The reason for optimism for Michigan is large. They return the vast majority of what made Michigan good last year (a great defense fueled by a star goalie and fundamentally sound blue liners) and then brought in a colossal amount of talent to fix Michigan's weakness from a year ago (lack of skilled offensive players to make plays and finish chances).
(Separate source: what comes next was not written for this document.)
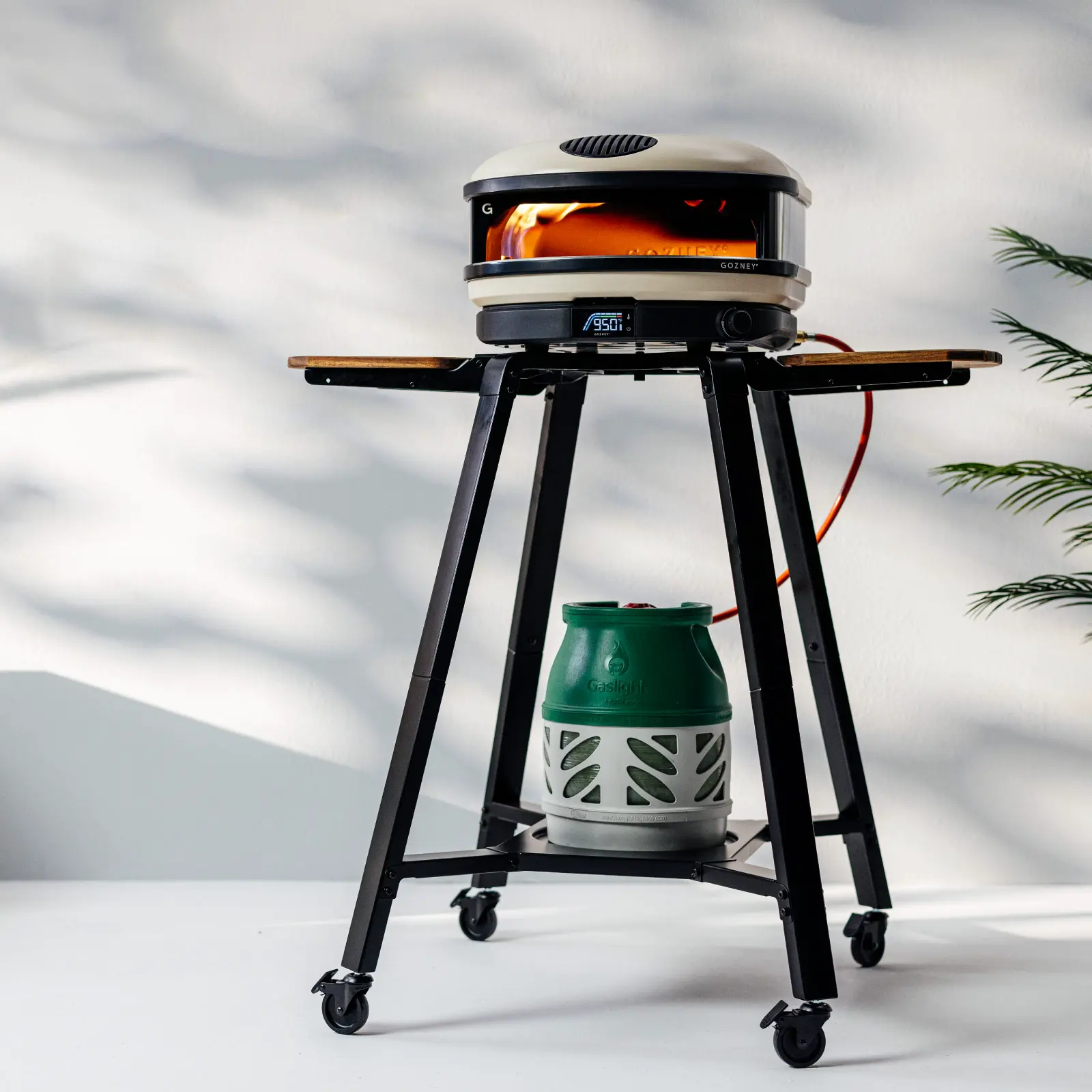 Gefertigt aus extrem langlebigem, pulverbeschichtetem Stahl, vereinen beide Produkte brachiale Stabilität mit eleganter Linienführung. Integrierte Ablagen für Dein Pizzaheber (Peels) sorgen dafür, dass Dein Werkzeug stets griffbereit ist und die Kochstation vor puristischer Ordnung glänzt.

If the defense holds firm and Strauss Mann is great again, both reasonable expectations, all you need is just a couple of Johnson, Beniers, Bordeleau, and Brisson to hit their projections and this team could be balanced, deep, and extremely dangerous. Regardless of how the season pans out, I am just thankful to see hockey again at Yost and especially to see this group on the ice. Michigan fans have been hearing about the coming reinforcements from the recruiting trail for years and tomorrow it will finally be here. The cavalry arrives this weekend.

Comments

lhglrkwg

November 13th, 2020 at 2:37 PM ^

I'm not surprised ASU is recruiting well. You can't say this in any college hockey forum without drawing outrage from small school fans, but ASU has a clear recruiting advantage over most college hockey programs due to weather, large school, girls, etc. If you're getting recruited by ASU vs. schools like Minnesota State, Northern, New Hampshire, etc. I think it's a fairly easy choice. Lots of D1 schools are uninspiring northern schools. Hopefully their budget doesn't break and they can stick around D1

Blue In NC

November 13th, 2020 at 3:50 PM ^

This will be an interesting season.  It feels like the classic trap and Michigan is almost certain to disappoint, at least from strictly W/L, if only because there are such high expectations.  But I can't shake those high expectations that this team could be near-elite by the end of the year.  Either way, it should be incredibly entertaining.  Really looking forward to watching this year.